- Directed by: James Eaves ("The Ripper"), Alan Ronald ("Stitchgirl") and Pat Higgins ("Vice Day")
- Screenplay by: James Eaves ("The Ripper"), Alan Ronald ("Stitchgirl") and Pat Higgins ("Vice Day")
- Produced by: Steve Barnes ("The Ripper") James Eaves ("The Ripper") Laura Eaves ("The Ripper") Debbie Attwell ("Stitchgirl") Alan Ronald ("Stitchgirl") Pat Higgins ("Vice Day") Pippa Higgins ("Vice Day")
- Starring: Tina Barnes Stuart Gregory Eleanor James Julian Lamoral-Roberts
- Music by: Phil Sheldon
- Distributed by: Safecracker Pictures
- Release date: 15 May 2009;
- Running time: 90 min
- Country: United Kingdom
- Language: English

= Bordello Death Tales =

Bordello Death Tales is a 2009 horror anthology film directed by James Eaves ("The Ripper"), Alan Ronald ("Stitchgirl") and Pat Higgins ("Vice Day").

==Plot==
"The Ripper" features a serial killer who targets strippers and eventually takes home the wrong girl from the title bordello.

"Stitchgirl" stars Eleanor James as the title character who is crafted from several girls to suit the whims of bordello patron Dr Whale.

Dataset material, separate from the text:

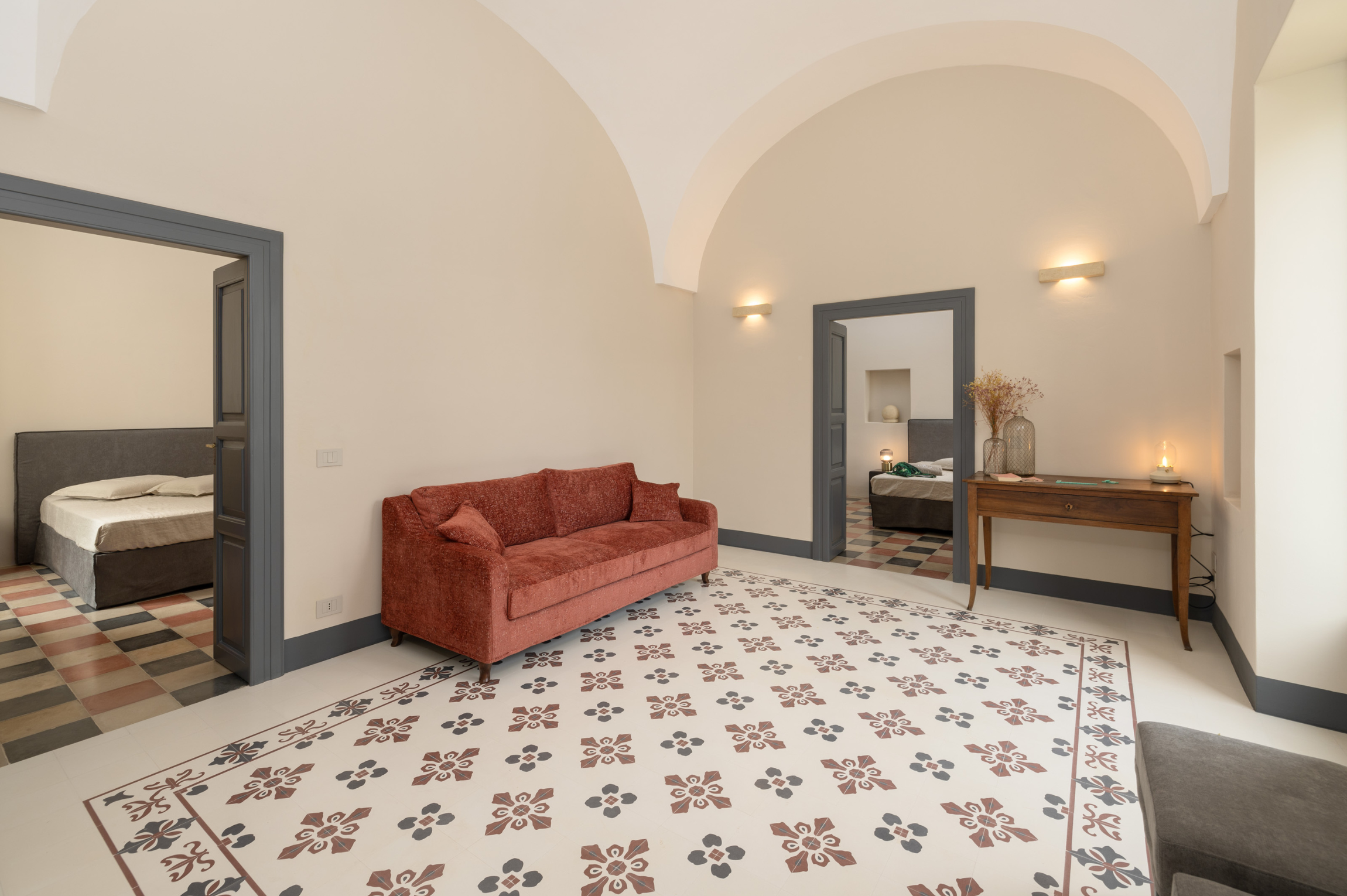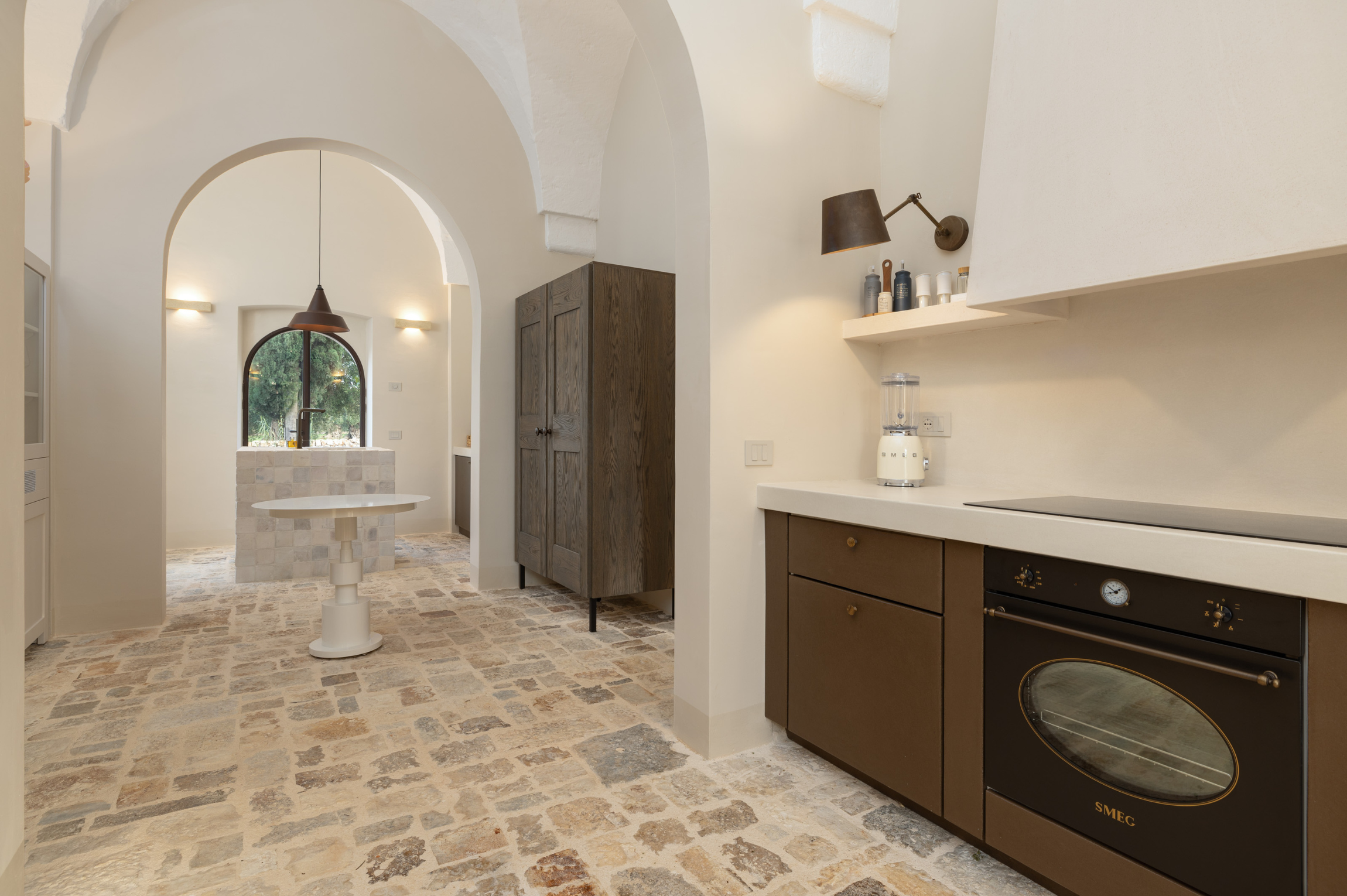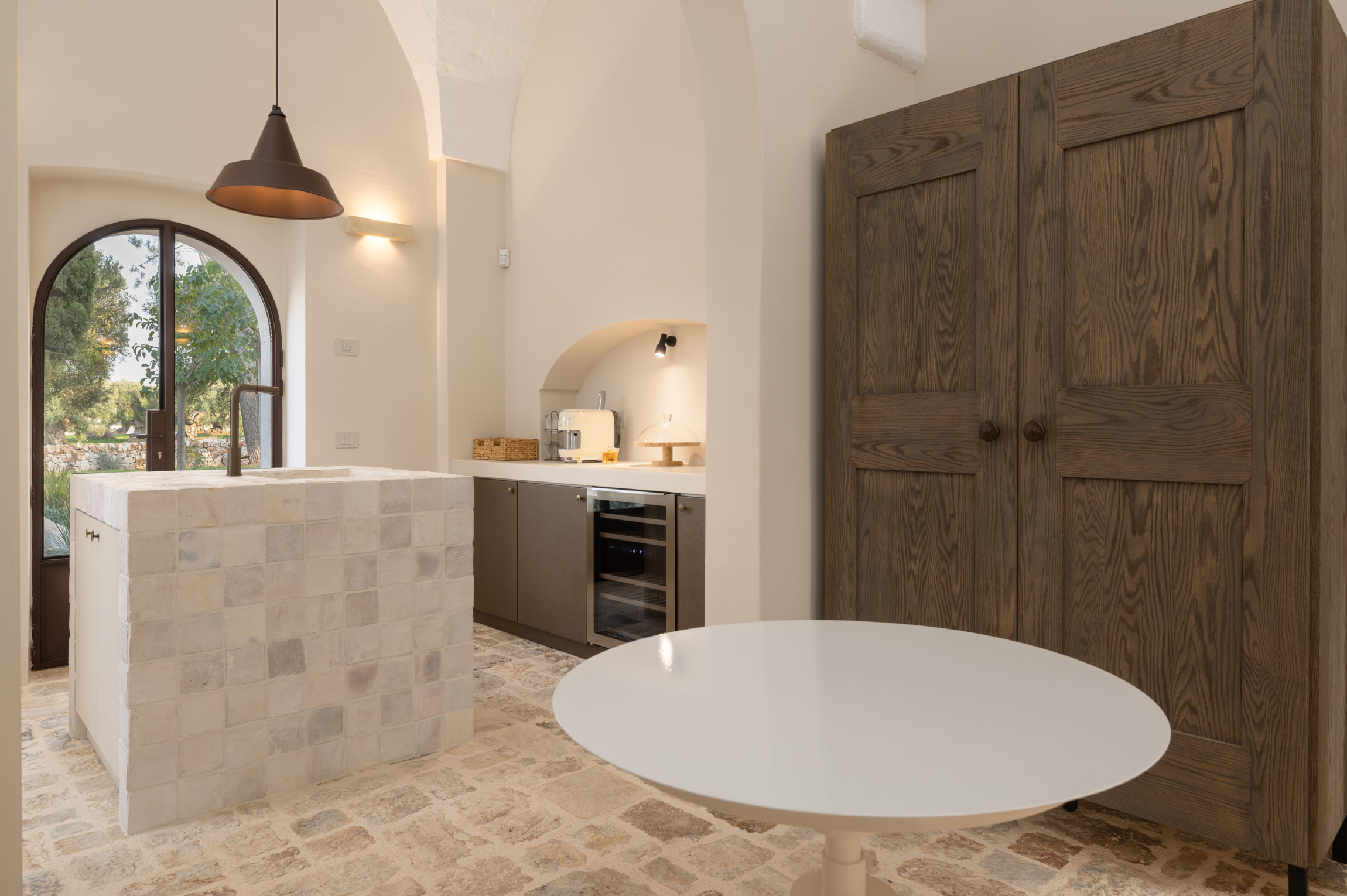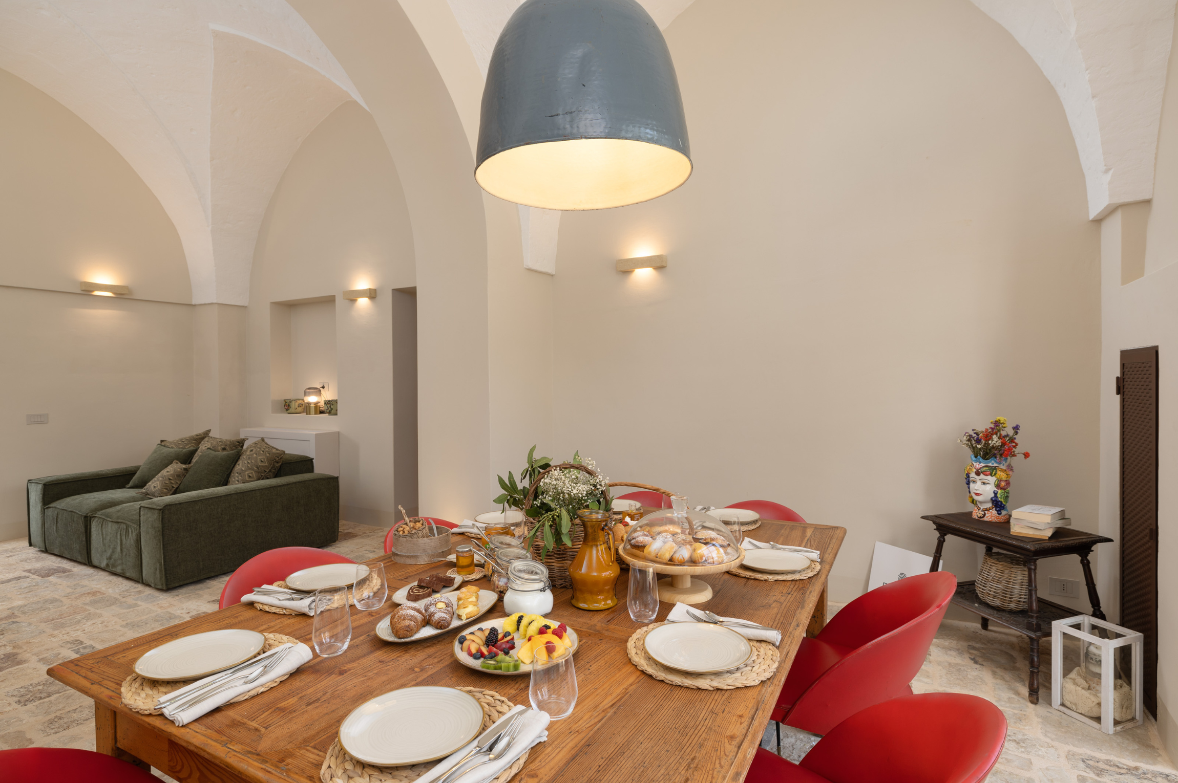 Upon entering the ground floor, guests are welcomed into a spacious open-plan living area. Barrel-vaulted ceilings and traditional stone flooring highlight the authentic Apulian character of the villa, creating a refined yet welcoming atmosphere. A fireplace adds a cosy touch, ideal for cooler evenings. In the same space, a wooden dining table invites guests to enjoy shared meals, while adjacent lies a fully equipped modern kitchen—perfect for preparing Italian-inspired dishes.

This segment was intended to be an homage to James Whale's Bride of Frankenstein.

"Vice Day" is the story of Daniel Cain who one day a year indulges his basest urges. On this day, Cain terrorizes a webcam model.

==Reception==
Aint It Cool News said the filmmakers "deliver original and unique chills and thrills." M. J. Simpson called the film "An ambitious and impressive recreation of the golden age of Amicus."